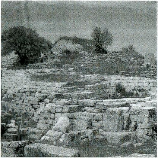 На этой фотографии, сделанной в Олимпии, видна мегалитическая структура камней
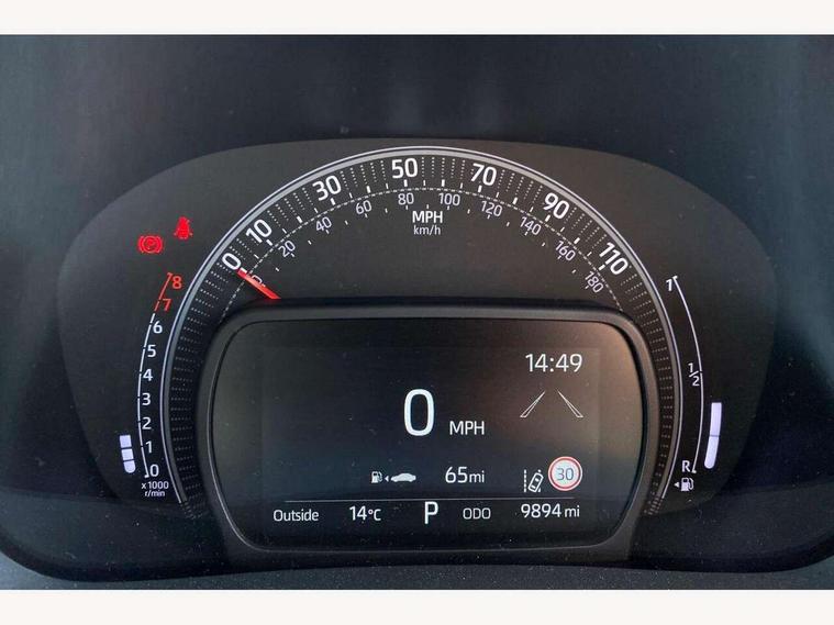 4.2" TFT colour screen, Adjustable speed limiter, Analogue speedometer, Bluetooth connectivity, Digital tachograph, Driver attention alert system, eCall emergency call system, ECO-driving indicator, Electric power steering, Intersection turn assist, Key reminder warning, Noise reduction kit, Pre collision system with emergency steering assist, Reversing camera with static guide lines, Smart phone integration with Apple car play/Android Auto, Speed limit display, Start and stop, Vehicle Stability Control (VSC), 4 speakers, DAB digital audio broadcast, Toyota touch 2 multimedia System with 8" Screen display, USB connector, Auto headlights, Auto wipers, Automatic headlights cut-off, Bicycle towing hook, Black side protection mouldings, Black wheel arch mouldings, Body colour door handles, Body coloured front bumper, Boot door scuff plate, Eclipse black rear bumper, Electric heated door mirrors, Follow me home headlights, Front fog lights, Front power windows, Gloss black door mirrors, Gloss black upper front grille, Headlight cut-off reminder, LED daytime running lights, LED front light guide, LED High mounted stop lamp, Manual day/night rear view mirror, Manual headlight levelling, Pagoda roof, Power adjustable door mirrors, Power back door, Privacy glass, Projector halogen headlights, Rain sensor, Rear combination lights LED bulb type, Rear side wing doors, Rear windscreen defogger, Rear windscreen wiper, Short antenna, Variable intermittent windscreen wipers, 12v power outlet - front, 2 seat bench in 2nd row, 3 spoke leather steering wheel, 50/50 split folding rear seat, Adhesive roof headlining, Adjustable speed limiter switch on steering wheel, Audio and telephone switches on steering wheel, Auto air conditioning, Black insert on steering wheel, Black roof lining, Boot light, Centre room light, Chrome interior door handles, Chrome surround on air conditioning buttons, Clean air filter, Console box storage in body color, Fabric upholstery, Floor mats, Front and rear cup holders, Front head rest deco art, Front head restraints, Gear shift indicator, Height adjustable driver seat, Intelligent adaptive cruise control switch on steering wheel, ISOFIX child restraint system on rear seats, Lane departure alert switch on steering wheel, Leather gearshift knob, Manual tilt steering wheel, Manually reclining and sliding driver seat, Manually reclining and sliding front passenger seat, Multimedia switches on steering wheel, Pollen filter, Rear door pockets, Rear head restraints, Satin silver insert on gear shift knob, Single compartment glovebox with lights, Single front passenger seat, Soft tonneau cover, Sun visors with mirror on driver and passenger side, Voice recognition switch on steering wheel, Toyota safety sense pack - Aygo X, Anti lock braking system + Electronic brake force distribution, Child safety door lock, Emergency brake light signal (EBS), Hill start assist control (HAC), Passenger airbag on/off switch, Seat belt reminder for front and rear seats, Supplement restraints system (SRS) - 6 airbags, Traction control, Tyre pressure warning system, Immobiliser, Remote power door locks, Black wheel centre caps, Tyre repair kit,
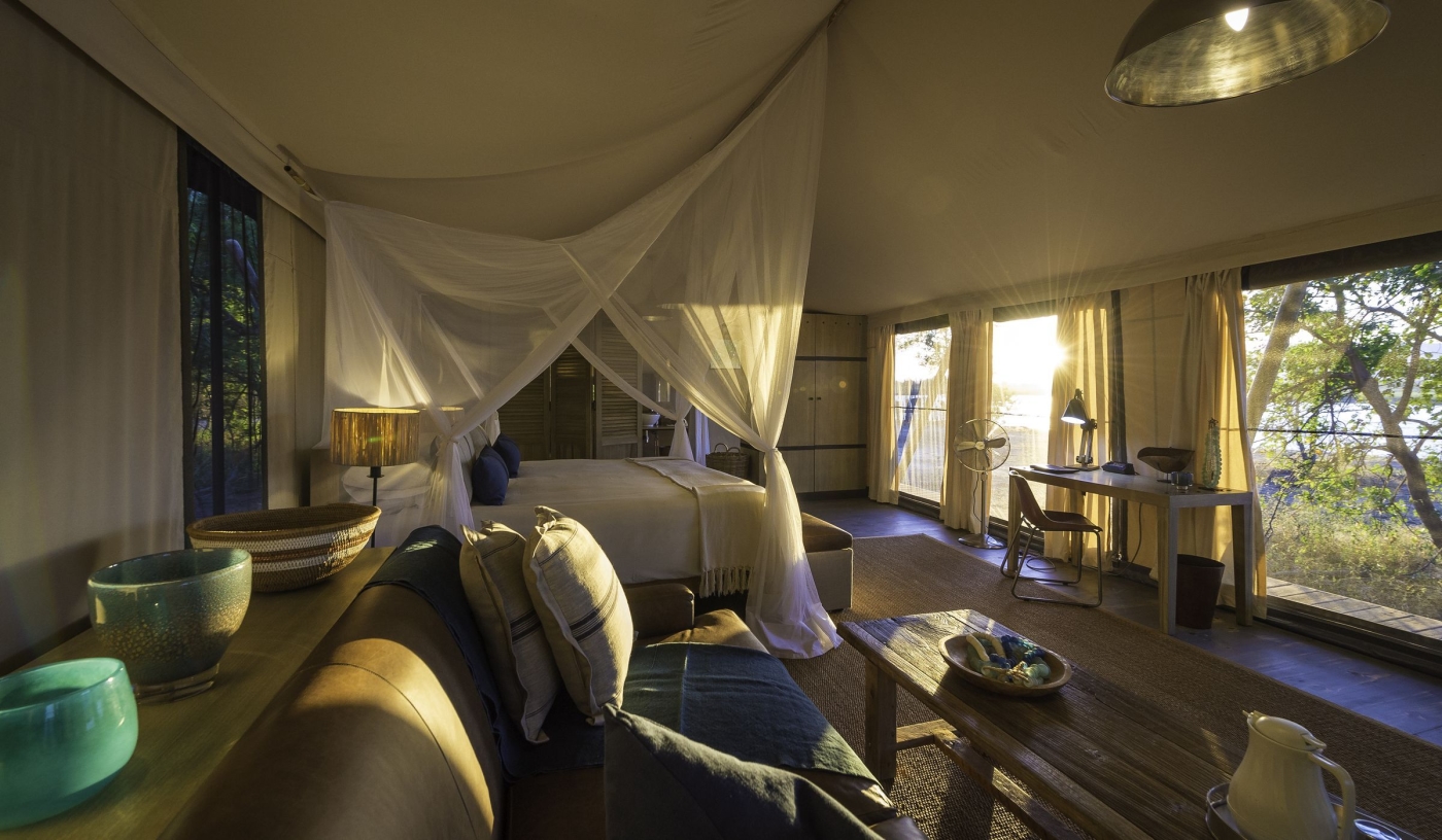 A luxurious and beautifully designed camp that's fully solar powered and built from all-natural materials, set on the banks of the mighty Zambezi.

============

▶ [WORK INSTRUCTIONS]:
The data above must be written out again without alteration, and the pictures in them must be excluded.

▶ [OUTPUT OF THE TASK]:
 На этой фотографии, сделанной в Олимпии, видна мегалитическая структура камней
 4.2" TFT colour screen, Adjustable speed limiter, Analogue speedometer, Bluetooth connectivity, Digital tachograph, Driver attention alert system, eCall emergency call system, ECO-driving indicator, Electric power steering, Intersection turn assist, Key reminder warning, Noise reduction kit, Pre collision system with emergency steering assist, Reversing camera with static guide lines, Smart phone integration with Apple car play/Android Auto, Speed limit display, Start and stop, Vehicle Stability Control (VSC), 4 speakers, DAB digital audio broadcast, Toyota touch 2 multimedia System with 8" Screen display, USB connector, Auto headlights, Auto wipers, Automatic headlights cut-off, Bicycle towing hook, Black side protection mouldings, Black wheel arch mouldings, Body colour door handles, Body coloured front bumper, Boot door scuff plate, Eclipse black rear bumper, Electric heated door mirrors, Follow me home headlights, Front fog lights, Front power windows, Gloss black door mirrors, Gloss black upper front grille, Headlight cut-off reminder, LED daytime running lights, LED front light guide, LED High mounted stop lamp, Manual day/night rear view mirror, Manual headlight levelling, Pagoda roof, Power adjustable door mirrors, Power back door, Privacy glass, Projector halogen headlights, Rain sensor, Rear combination lights LED bulb type, Rear side wing doors, Rear windscreen defogger, Rear windscreen wiper, Short antenna, Variable intermittent windscreen wipers, 12v power outlet - front, 2 seat bench in 2nd row, 3 spoke leather steering wheel, 50/50 split folding rear seat, Adhesive roof headlining, Adjustable speed limiter switch on steering wheel, Audio and telephone switches on steering wheel, Auto air conditioning, Black insert on steering wheel, Black roof lining, Boot light, Centre room light, Chrome interior door handles, Chrome surround on air conditioning buttons, Clean air filter, Console box storage in body color, Fabric upholstery, Floor mats, Front and rear cup holders, Front head rest deco art, Front head restraints, Gear shift indicator, Height adjustable driver seat, Intelligent adaptive cruise control switch on steering wheel, ISOFIX child restraint system on rear seats, Lane departure alert switch on steering wheel, Leather gearshift knob, Manual tilt steering wheel, Manually reclining and sliding driver seat, Manually reclining and sliding front passenger seat, Multimedia switches on steering wheel, Pollen filter, Rear door pockets, Rear head restraints, Satin silver insert on gear shift knob, Single compartment glovebox with lights, Single front passenger seat, Soft tonneau cover, Sun visors with mirror on driver and passenger side, Voice recognition switch on steering wheel, Toyota safety sense pack - Aygo X, Anti lock braking system + Electronic brake force distribution, Child safety door lock, Emergency brake light signal (EBS), Hill start assist control (HAC), Passenger airbag on/off switch, Seat belt reminder for front and rear seats, Supplement restraints system (SRS) - 6 airbags, Traction control, Tyre pressure warning system, Immobiliser, Remote power door locks, Black wheel centre caps, Tyre repair kit,
 A luxurious and beautifully designed camp that's fully solar powered and built from all-natural materials, set on the banks of the mighty Zambezi.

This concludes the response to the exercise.